As classes perigosas
José Paulo Netto
A republicação de As classes perigosas: banditismo urbano e rural, de Alberto Passos Guimarães, atende a uma dupla demanda da inteligência crítica brasileira. A primeira, mais ou menos óbvia, é repor em circulação um livro há muito esgotado, só encontrável em bibliotecas ou alfarrabistas – e, qualifique-se, um livro da máxima relevância; a segunda é relembrar a importância contemporânea da obra de Alberto Passos Guimarães, nascido nas Alagoas, mais precisamente em Maceió, em 16 de abril de 1908, e falecido no Rio de Janeiro, cidade em que viveu por quase meio século, em 24 de dezembro de 1993 (…)

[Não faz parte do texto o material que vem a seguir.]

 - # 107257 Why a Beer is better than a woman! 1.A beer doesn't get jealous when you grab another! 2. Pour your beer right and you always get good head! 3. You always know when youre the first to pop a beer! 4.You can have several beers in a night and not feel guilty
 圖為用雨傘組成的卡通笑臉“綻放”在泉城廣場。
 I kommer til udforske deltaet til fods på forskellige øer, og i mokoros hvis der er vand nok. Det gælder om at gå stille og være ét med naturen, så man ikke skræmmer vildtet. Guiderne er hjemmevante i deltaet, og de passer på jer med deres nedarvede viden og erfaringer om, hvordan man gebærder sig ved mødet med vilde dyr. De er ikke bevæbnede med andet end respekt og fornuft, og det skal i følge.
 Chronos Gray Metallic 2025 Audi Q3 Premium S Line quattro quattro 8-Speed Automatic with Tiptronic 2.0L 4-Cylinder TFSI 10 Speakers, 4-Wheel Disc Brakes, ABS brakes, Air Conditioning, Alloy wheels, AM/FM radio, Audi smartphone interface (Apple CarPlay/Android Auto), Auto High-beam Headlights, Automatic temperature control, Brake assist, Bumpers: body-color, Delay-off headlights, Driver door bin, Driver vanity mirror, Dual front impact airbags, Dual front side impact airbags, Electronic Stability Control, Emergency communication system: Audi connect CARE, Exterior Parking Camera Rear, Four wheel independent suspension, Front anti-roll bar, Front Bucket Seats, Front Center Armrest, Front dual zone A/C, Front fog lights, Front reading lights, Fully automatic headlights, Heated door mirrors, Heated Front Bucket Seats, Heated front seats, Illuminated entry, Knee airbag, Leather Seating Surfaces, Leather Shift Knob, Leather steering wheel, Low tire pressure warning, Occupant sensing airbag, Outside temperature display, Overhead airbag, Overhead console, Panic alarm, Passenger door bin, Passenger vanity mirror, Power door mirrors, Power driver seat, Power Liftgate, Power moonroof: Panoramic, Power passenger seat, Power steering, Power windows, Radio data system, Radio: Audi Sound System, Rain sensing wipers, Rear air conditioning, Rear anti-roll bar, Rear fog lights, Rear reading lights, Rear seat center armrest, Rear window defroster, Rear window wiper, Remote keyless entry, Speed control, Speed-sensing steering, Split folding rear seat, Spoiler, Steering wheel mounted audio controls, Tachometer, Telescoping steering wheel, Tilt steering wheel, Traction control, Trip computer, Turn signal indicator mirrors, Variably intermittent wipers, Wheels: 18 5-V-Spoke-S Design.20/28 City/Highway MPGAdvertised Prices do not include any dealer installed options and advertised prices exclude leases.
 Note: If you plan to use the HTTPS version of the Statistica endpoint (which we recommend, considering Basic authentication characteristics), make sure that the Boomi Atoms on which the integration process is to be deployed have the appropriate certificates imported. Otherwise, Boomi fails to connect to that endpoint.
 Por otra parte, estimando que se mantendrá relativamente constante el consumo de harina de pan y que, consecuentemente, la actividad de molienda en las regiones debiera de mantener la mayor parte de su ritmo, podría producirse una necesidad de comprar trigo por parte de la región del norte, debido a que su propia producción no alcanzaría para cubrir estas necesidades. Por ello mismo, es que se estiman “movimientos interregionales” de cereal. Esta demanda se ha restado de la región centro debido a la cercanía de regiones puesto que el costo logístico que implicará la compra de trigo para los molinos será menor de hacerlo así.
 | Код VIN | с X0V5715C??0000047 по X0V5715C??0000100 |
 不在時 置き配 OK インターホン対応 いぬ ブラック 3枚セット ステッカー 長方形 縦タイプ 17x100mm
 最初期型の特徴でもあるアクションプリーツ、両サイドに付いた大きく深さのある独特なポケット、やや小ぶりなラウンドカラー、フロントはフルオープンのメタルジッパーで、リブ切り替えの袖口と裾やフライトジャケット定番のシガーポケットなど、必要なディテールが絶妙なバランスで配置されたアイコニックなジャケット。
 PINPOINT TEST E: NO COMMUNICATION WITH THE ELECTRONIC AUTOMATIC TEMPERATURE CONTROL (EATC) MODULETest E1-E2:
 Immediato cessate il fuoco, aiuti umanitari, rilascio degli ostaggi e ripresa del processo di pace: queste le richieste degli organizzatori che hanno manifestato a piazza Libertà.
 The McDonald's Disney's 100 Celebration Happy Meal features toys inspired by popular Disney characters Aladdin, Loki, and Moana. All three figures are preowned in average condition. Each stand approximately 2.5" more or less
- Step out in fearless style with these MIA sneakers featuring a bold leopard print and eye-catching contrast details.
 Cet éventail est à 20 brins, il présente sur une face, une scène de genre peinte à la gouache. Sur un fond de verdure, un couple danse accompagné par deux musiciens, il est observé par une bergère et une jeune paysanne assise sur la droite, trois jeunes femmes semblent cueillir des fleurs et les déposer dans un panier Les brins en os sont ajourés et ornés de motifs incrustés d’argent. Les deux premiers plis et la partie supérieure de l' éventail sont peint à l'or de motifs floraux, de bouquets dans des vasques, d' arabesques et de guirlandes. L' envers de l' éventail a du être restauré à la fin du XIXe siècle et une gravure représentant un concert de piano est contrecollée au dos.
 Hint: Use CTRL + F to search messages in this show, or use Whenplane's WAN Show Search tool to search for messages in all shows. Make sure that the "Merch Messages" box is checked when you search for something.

Pois bem: o livro que em boa hora a Editora UFRJ recoloca à mão do leitor exemplifica à perfeição a resistência (e, pois, a atualidade) do labor de Alberto Passos Guimarães. Escrito no ocaso da ditadura do grande capital instaurada em 1964 e publicado quando a intelectualidade acadêmica mal despertava para os fenômenos da violência urbana contemporânea, As classes perigosas permanece absolutamente relevante decorrido um quarto de século desde que viu a luz, ainda que os dados sobre os quais se apoia mostrem-se anacrônicos. A verificação elementar de Alberto Passos Guimarães continua irreprochável. Permito-me uma longa citação:
É óbvia […] a impossibilidade de eliminar-se a pobreza dentro das sociedades marcadas pelas fortes desigualdades, entre extremos de riqueza e extremos de pobreza; e, consequentemente, é de toda a evidência a impossibilidade de eliminar-se certo nível relativamente mais elevado de criminalidade dentro de tais sociedades. Mas a situação atual nas áreas metropolitanas – e já nas áreas urbanas menores – de nosso País está sendo estigmatizada por acontecimentos de tal frequência que excedem os limites comuns a todas as capitais dos países capitalistas, desenvolvidos ou não desenvolvidos, e cujo surpreendente e crescente grau de violência envolve uma cada vez mais numerosa parcela da população, vítima das mais diversas formas de atentados aos seus bens e à sua vida. Pouco a pouco, a violência das classes criminosas se estende ao conjunto da população; parte desta procura reagir, também por meio da violência, aos atentados de que é vítima, tentando fazer justiça, por suas próprias mãos, recorrendo a práticas igualmente condenáveis e igualmente criminosas, como a dos linchamentos. À violência dos criminosos se junta a violência das próprias vítimas e, a essas duas, uma terceira se vem juntar: a violência dos órgãos policiais, que pouco fazendo para prevenir o crime, querem compensar sua ineficácia tentando inútil e injustificadamente eliminar o crime aumentando o grau de ferocidade da repressão.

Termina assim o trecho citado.